Interesting as Jairus is, it is simply a byproduct.  Elle remains the nucleus of the title, the center of its universe (as rudimentarily displayed on Eddie’s wall).  She has consistently rejected her own helplessness, defying her comatose state to interact with the plot.  Split across multiple brain-dead, communicating with her allies seemingly at random, it seems like she’s the one moving the pieces here.  “I’m tired,” she tells Jo, “Of being so many other people.  Other Elles.  A different person to everyone.”  To us, she’s been a victim; now she reveals that she has been an actor in her own fall, proving that everyone truly is a suspect and no one is innocent.

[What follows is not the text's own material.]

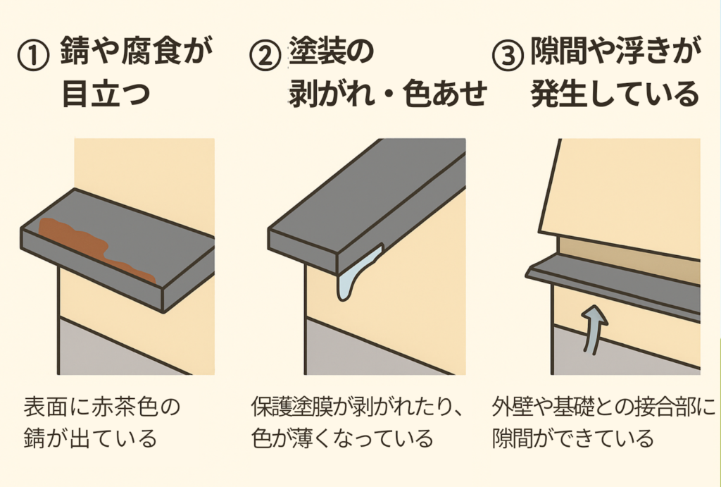 水切りの劣化サインを見逃すと、雨漏りのリスクが高まります。よくある水切りの劣化サインには、以下のようなものがあります。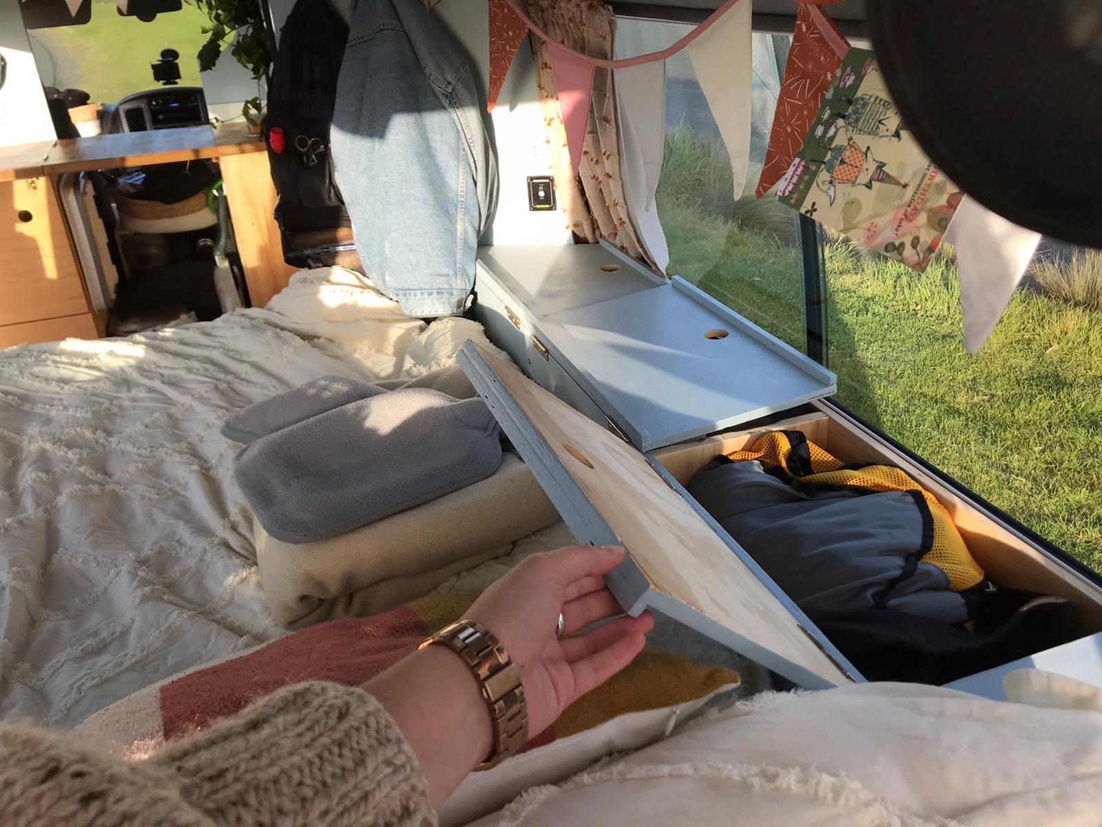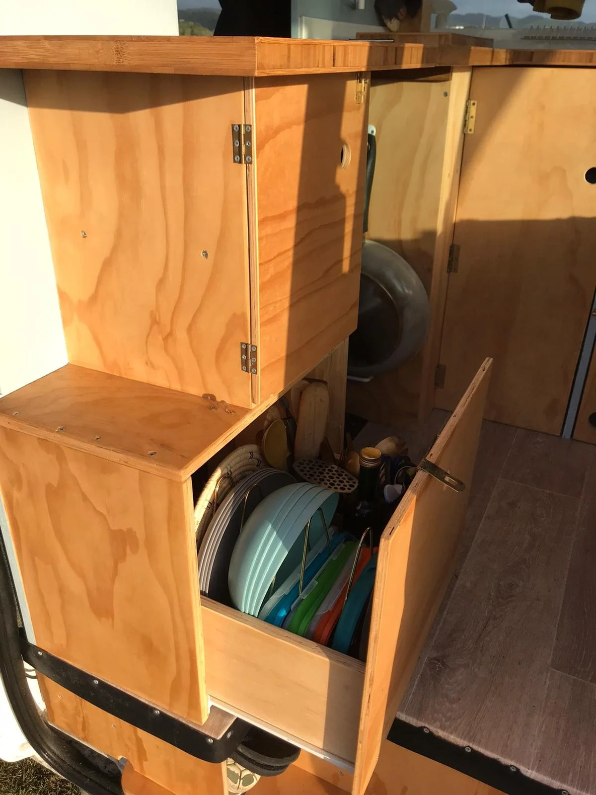 My wife and I built this van out completely from an empty shell. It was so much fun to figure it out what the best solution is, where to store everything but also make it homely and cosy.

This is clearly the best work of Basri’s career thus far—that I have seen, anyway.  Here it looks like he’s taken the artistic evolution he showed on the appalling Voodoo to its most sophisticated stage.  Somehow he manages to make every character look attractive, though still distinct enough to be credible.  His emotional beats hit harder than ever, with greater subtlety and emotional truth than ever before.  Kholinne has similarly stepped up her coloring game, emulating the rich tones Arif Prianto established for this series, with all its strange mixture of warmth and coldness.

Conclusion: Mind the Gap has really gained some momentum now, and it begins to drag all of its characters with it, even the ones previously on the fringe.  With strong artistic support from Basri, this title has finally started to reveal signs of brilliance.

Grade: A-

-Minhquan Nguyen

Some Musings: – I sure hope Jeff Bowen and Hunter Bell are appreciating all this free plugging for [title of show].  Who’d ever have thought you’d see characters break out into an extended musical number in a comic?